**WHAT IS EXPECTED:**
In the copy, every line of the material that follows must appear exactly, and no pictures should.

**DATA BELOW:**
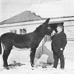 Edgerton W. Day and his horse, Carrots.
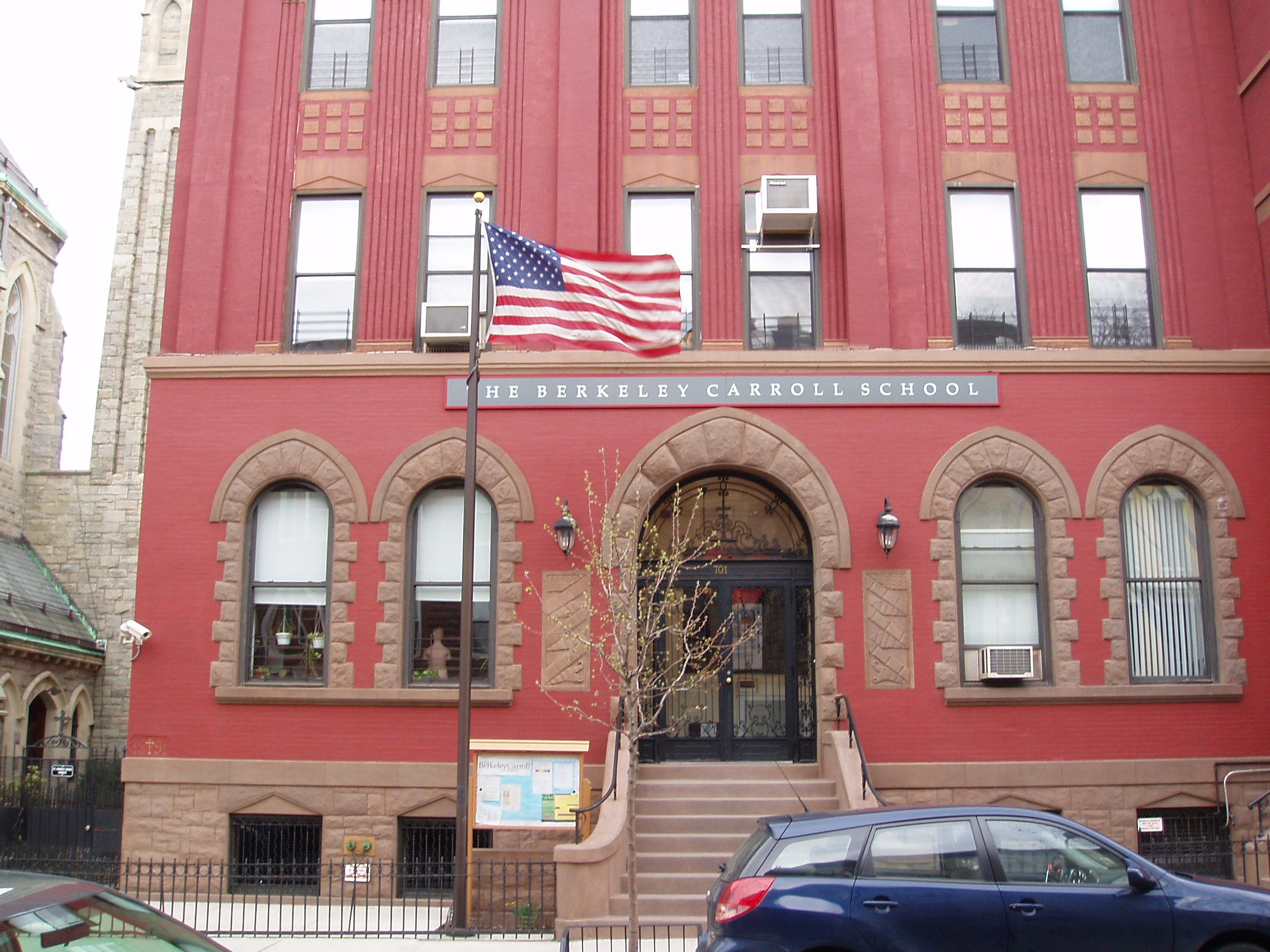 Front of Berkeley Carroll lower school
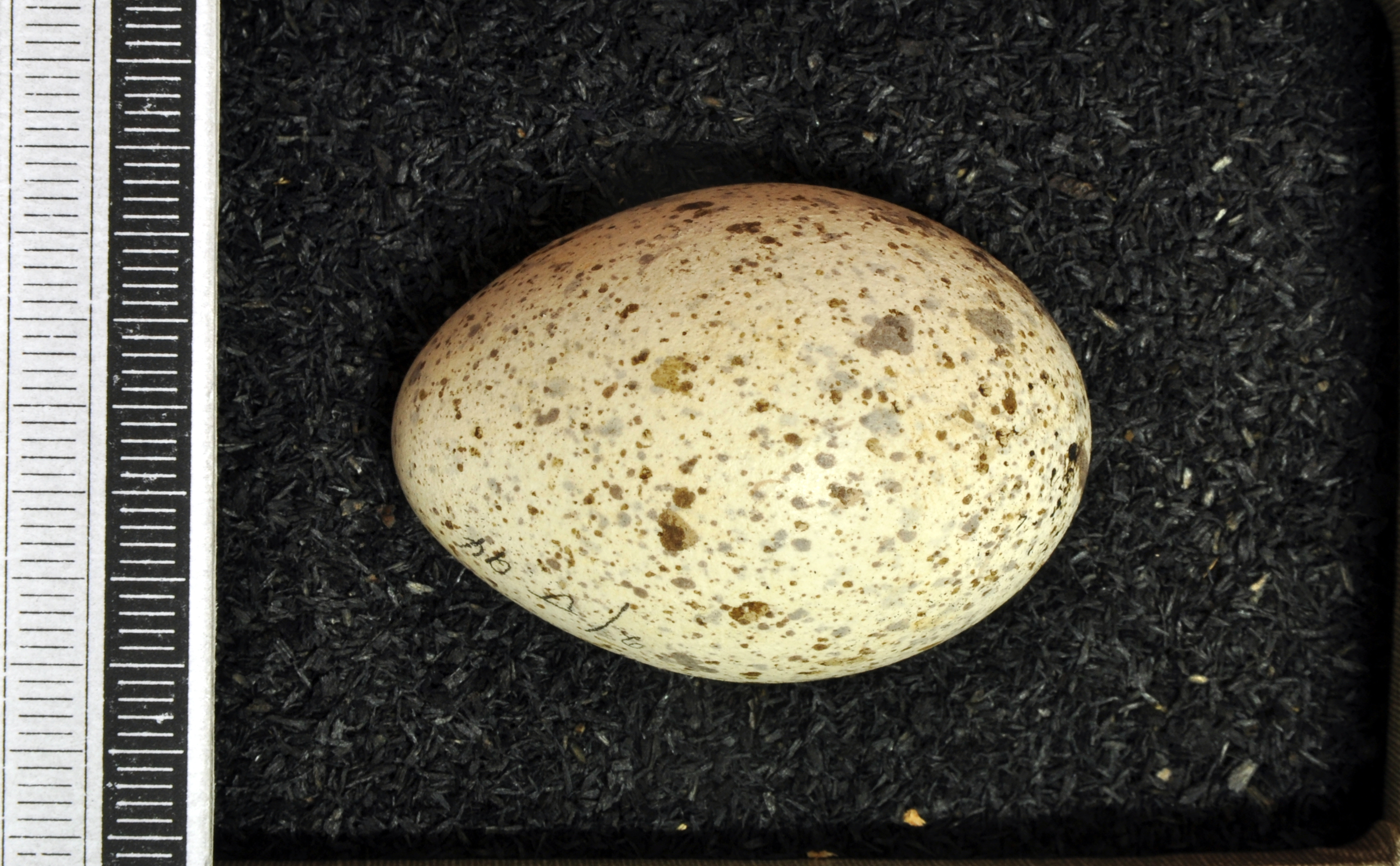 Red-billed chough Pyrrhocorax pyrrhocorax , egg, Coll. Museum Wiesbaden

**SOLUTION:**
 Edgerton W. Day and his horse, Carrots.
 Front of Berkeley Carroll lower school
 Red-billed chough Pyrrhocorax pyrrhocorax , egg, Coll. Museum Wiesbaden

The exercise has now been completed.